We thank the reviewer for the constructive feedback. Following the reviewer's suggestions, we developed an online version of NaSVA [14], our best-performing offline competitor (see Table 1), which is based on the Transformer architecture. In this model, visual features extracted from each 1-second clip are encoded and treated as key-value pairs, while the textual features of steps serve as queries. The queries then attend to the visual features through cross-attention, and alignment scores are computed based on their similarity. The original NaSVA is offline because its transformer encoder allows each video segment to attend to both past and future segments. To enable online processing, we introduce causal masking within the transformer encoder’s self-attention layers, restricting attention to only past segments and preventing access to future information. The online version of NaSVA achieves an R@1 of 46.1 on HT-Step and 24.2 on Ego4D Goal-Step, representing a drop of 7% and 4.9% compared to its offline variant. These scores are also substantially lower than BaGLM (i.e., -10.2% on HT-Step and -18.6% on Ego4D Goal-Step). These results further highlight the effectiveness of our approach in the challenging online setting.

2025-08-04

I appreciate the detailed response from the authors.

I have carefully read it as well as other fellows' reviews.

The authors handled my concerns, although some remain unresolved (e.g., I am still not convinced of the generalizability of the proposed method, considering the performance gains on only two out of three datasets).

After all, I would stick to my original rating.

2025-08-06

We thank the reviewer for the feedback, and we are glad to hear that the rebuttal addressed most of the initial concerns. Regarding generalizability, the lower performance on Ego4D Goal-Step, which focuses only on cooking videos, is likely due to some challenges specific to this dataset, such as the more general step descriptions (e.g., Prepares the bread), complicating modeling step dependencies.

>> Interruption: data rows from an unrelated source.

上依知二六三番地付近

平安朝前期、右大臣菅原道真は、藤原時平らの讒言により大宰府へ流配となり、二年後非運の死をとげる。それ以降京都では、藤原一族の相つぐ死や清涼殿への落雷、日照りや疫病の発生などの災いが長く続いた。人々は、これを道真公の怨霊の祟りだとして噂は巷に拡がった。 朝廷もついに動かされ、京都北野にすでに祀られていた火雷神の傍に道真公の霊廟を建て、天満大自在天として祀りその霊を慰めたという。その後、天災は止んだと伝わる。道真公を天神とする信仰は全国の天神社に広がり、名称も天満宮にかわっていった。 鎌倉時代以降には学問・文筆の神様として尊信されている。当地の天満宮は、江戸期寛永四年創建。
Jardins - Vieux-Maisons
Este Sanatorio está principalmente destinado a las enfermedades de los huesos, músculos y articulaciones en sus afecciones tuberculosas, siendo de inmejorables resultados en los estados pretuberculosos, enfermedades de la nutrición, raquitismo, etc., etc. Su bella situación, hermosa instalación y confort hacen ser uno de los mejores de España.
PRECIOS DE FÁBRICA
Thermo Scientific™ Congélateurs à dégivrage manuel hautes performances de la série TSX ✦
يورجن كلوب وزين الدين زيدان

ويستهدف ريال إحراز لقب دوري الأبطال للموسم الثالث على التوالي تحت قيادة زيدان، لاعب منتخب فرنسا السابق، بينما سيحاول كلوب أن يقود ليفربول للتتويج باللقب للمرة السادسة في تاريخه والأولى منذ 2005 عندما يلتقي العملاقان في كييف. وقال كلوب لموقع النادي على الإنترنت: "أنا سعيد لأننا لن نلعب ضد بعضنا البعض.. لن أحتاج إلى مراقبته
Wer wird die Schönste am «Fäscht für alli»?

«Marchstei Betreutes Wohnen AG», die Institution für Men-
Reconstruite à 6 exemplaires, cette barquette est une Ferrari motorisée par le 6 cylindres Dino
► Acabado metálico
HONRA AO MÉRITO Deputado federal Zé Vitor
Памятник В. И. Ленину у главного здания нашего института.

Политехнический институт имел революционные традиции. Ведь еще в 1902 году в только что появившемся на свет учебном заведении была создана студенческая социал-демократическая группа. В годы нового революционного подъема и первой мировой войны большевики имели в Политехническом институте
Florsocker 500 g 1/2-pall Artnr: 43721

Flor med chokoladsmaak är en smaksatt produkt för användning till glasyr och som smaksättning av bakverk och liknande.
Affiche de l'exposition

To further demonstrate the generalizability of our method, we evaluate it on the COIN dataset, which contains instructional YouTube videos spanning various domains. Specifically, we use the testing split, consisting of 2,797 videos. Out of these, we successfully downloaded 2,354 videos because the remaining videos were either unavailable or set to private. These videos span 12 domains (i.e., Dish, Drink and Snack, Electrical Appliance, Furniture and Decoration, Gadgets, Housework, Leisure and Performance, Nursing and Care, Pets and Fruit, Science and Craft, Sport, and Vehicle) and are categorized into 180 distinct tasks.

We compare the performance of BaGLM with three baselines: (1) InternVL2.5-8b (off-the-shelf), (2) NaSVA [14] (best offline competitor), (3) an online version of NaSVA that we developed to address W2 (Online baselines). As shown in the table below, BaGLM outperforms NaSVA by 14.7 (offline) and 19.4 (online), and achieves a gain of 4.2 over InternVL2.5-8b. These results suggest that our method generalizes well across diverse domains and tasks.

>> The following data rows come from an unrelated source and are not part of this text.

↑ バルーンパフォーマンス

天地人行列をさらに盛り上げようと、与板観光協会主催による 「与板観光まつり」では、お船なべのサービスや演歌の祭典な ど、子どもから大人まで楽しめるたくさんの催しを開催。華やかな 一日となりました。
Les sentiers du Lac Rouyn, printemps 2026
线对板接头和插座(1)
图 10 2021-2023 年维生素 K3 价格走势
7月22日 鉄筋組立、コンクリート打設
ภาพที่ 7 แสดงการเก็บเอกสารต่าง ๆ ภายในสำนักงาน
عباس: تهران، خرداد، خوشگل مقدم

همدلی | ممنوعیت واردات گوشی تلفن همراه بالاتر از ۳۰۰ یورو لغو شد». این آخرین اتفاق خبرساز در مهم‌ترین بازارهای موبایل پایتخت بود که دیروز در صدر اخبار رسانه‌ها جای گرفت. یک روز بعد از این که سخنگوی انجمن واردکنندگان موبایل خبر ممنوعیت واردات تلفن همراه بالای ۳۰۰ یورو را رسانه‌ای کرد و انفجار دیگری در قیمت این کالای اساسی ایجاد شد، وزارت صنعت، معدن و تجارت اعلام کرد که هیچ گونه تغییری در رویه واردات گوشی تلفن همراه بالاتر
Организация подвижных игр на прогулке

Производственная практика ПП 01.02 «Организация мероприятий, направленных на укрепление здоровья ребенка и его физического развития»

Method	$\uparrow$ R@1 (COIN)
Offline
NaSVA [14]	36.8
Online
NaSVA [14]	32.1
InternVL2.5-8b [6]	47.3
BaGLM	51.5

最终决定Accept (poster)

2025-09-17

This paper presents a training-free method for step-wise grounding of the individual steps in a given procedural video. It incorporates Bayesian filtering together with LLMs to model the step-wise transitions in the procedure. Performance is excellent, especially when compared to supervised offline methods.

All four reviewers support this paper and think it would be a nice contribution to the NeurIPS program, and the AC agrees. The extensive discussion between the authors and the four reviewers highlights various areas of confusion and missing considerations in the analysis. The authors are requested to incorporate these points when revising their manuscript for the final version.